▶ Input:
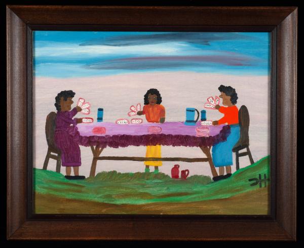 Label TextClementine Hunter is one of the best known 20th-century folk artists. A descendant of slaves, Hunter spent the majority of her life on Melrose Plantation in Louisiana. Hunter's art was inspired by her plantation life. She depicted plantation hands at work, at church, and at play, as well as floral still lifes, and portraiture. Hunter's early works were brought to the attention of François Mignon, a writer, and James Register, a professor at the University of Oklahoma. From the beginning, both men encouraged her work, and they arranged for her first public show in 1946. From then on, Hunter became increasingly well known.On View
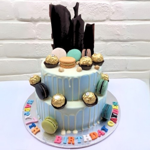 Dripping with goodness! A fun 2-tiers drip cake, decorated with macarons & Ferrero Rocher! Choose from a wide range of cake flavours (top-up to exquisite flavours such as...
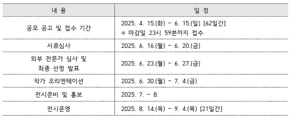 □ 공모기간 : 2025. 4. 15.(화) ~ 6. 15.(일) [62일간]
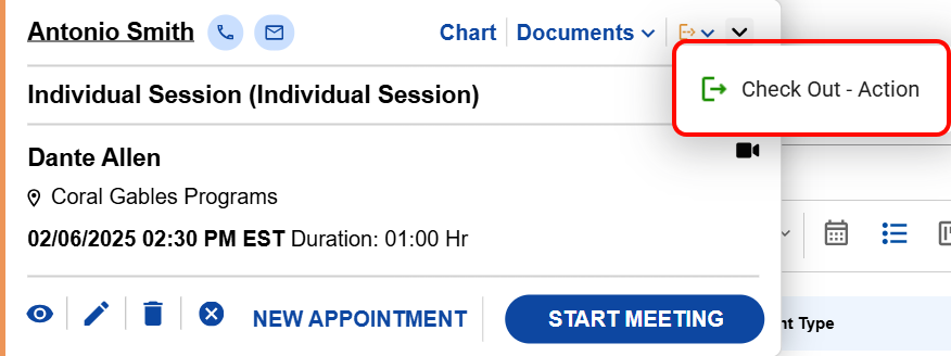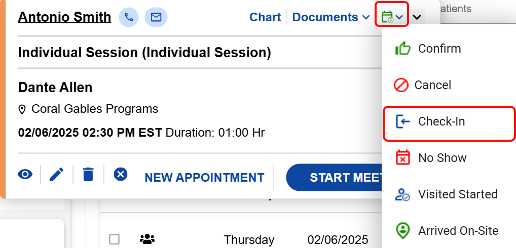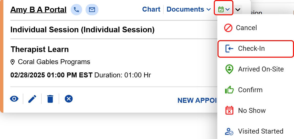 - Click the appointment status icon and select Check-In to indicate that the patient is present in Zoom on the Scheduler appointment card.
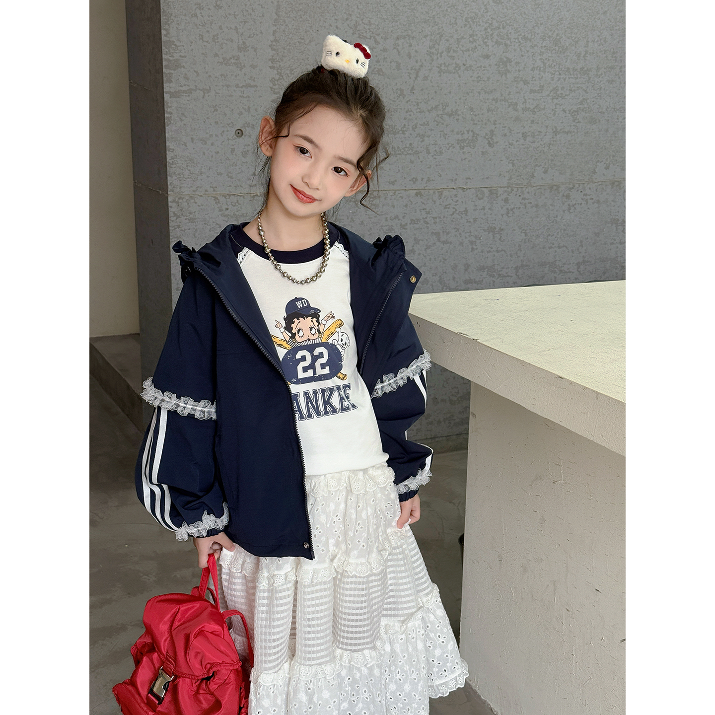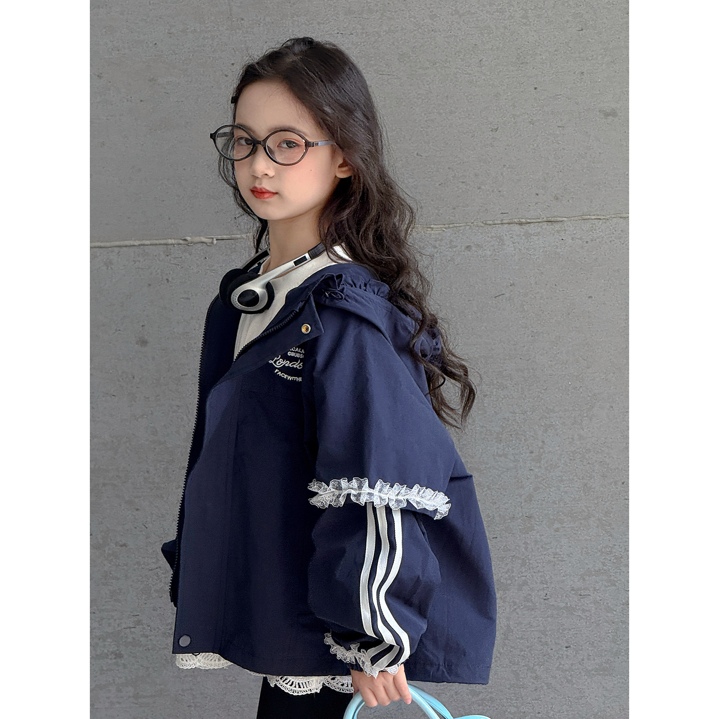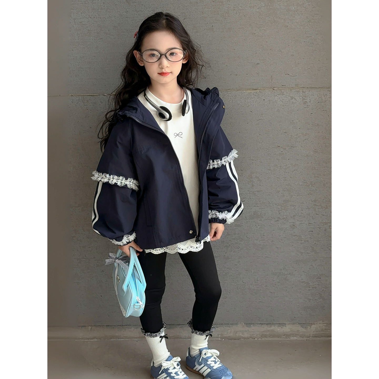 女童外套2025秋季新款儿童连帽冲锋衣秋装中大童洋气韩版宽松上衣
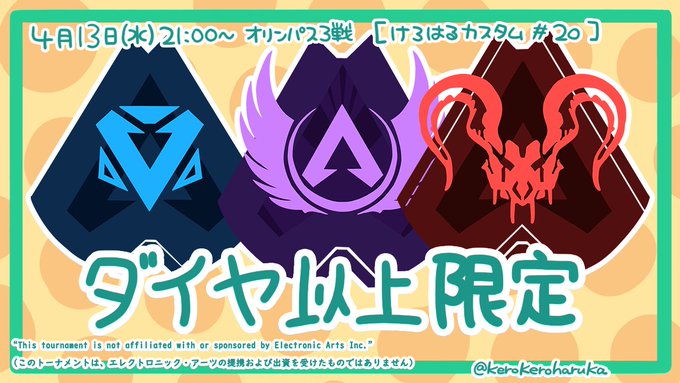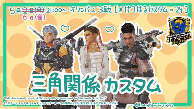 次回の【#けろはるカスタム】は三角関係カスタム! ※ヴァルキリー・ローバ・バンガロール限定 5/6(金)21:00~ オリンパス3戦 先行告知はYouTubeの為残り枠8チームです🙇 詳細&エントリーフォームは当チャンネル内「コミュニティ」から確認できます! ↓チャンネル youtube.com/channel/UClaze…
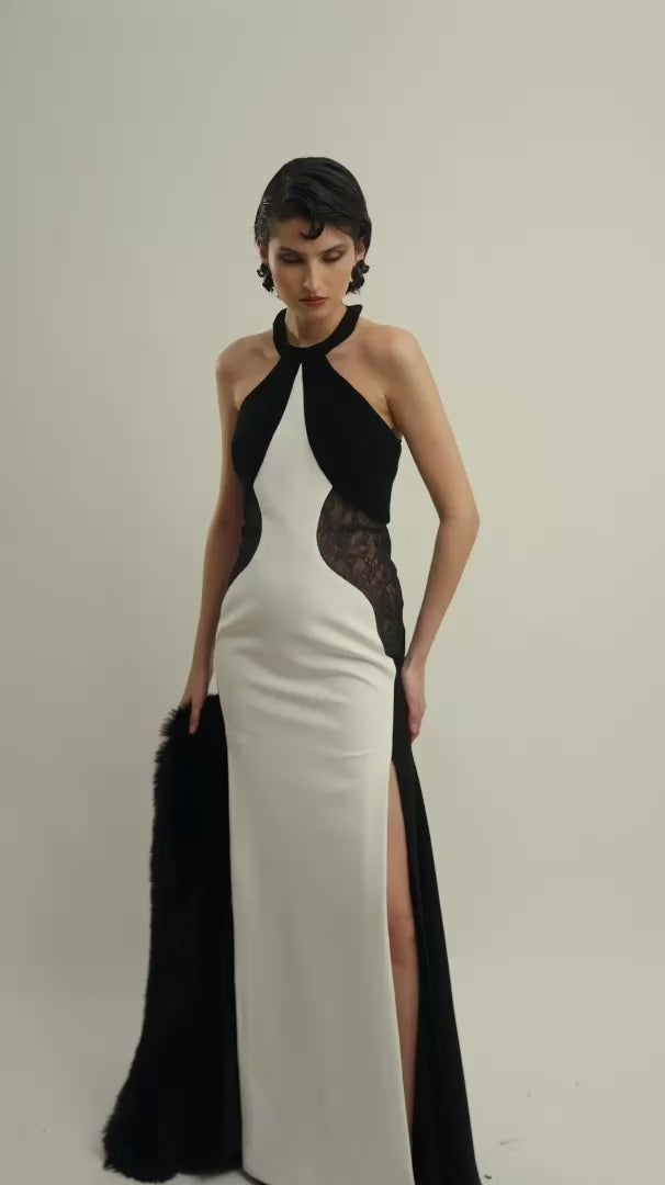 Striking in contrast and design, this halter neck dress features a black and white criss-cross bodice that sculpts the figure with modern elegance. Delicate lace inserts add a touch of romantic allure, blending structure with softness. Perfect for refined evenings with a bold twist.

▶ To do:
Transcribe, word for word, the line holding "- Click the" and all lines after it in the entries above, ending with the last. Only those lines; no pictures.

▶ Answer to this task:
 - Click the appointment status icon and select Check-In to indicate that the patient is present in Zoom on the Scheduler appointment card.
 女童外套2025秋季新款儿童连帽冲锋衣秋装中大童洋气韩版宽松上衣
 次回の【#けろはるカスタム】は三角関係カスタム! ※ヴァルキリー・ローバ・バンガロール限定 5/6(金)21:00~ オリンパス3戦 先行告知はYouTubeの為残り枠8チームです🙇 詳細&エントリーフォームは当チャンネル内「コミュニティ」から確認できます! ↓チャンネル youtube.com/channel/UClaze…
 Striking in contrast and design, this halter neck dress features a black and white criss-cross bodice that sculpts the figure with modern elegance. Delicate lace inserts add a touch of romantic allure, blending structure with softness. Perfect for refined evenings with a bold twist.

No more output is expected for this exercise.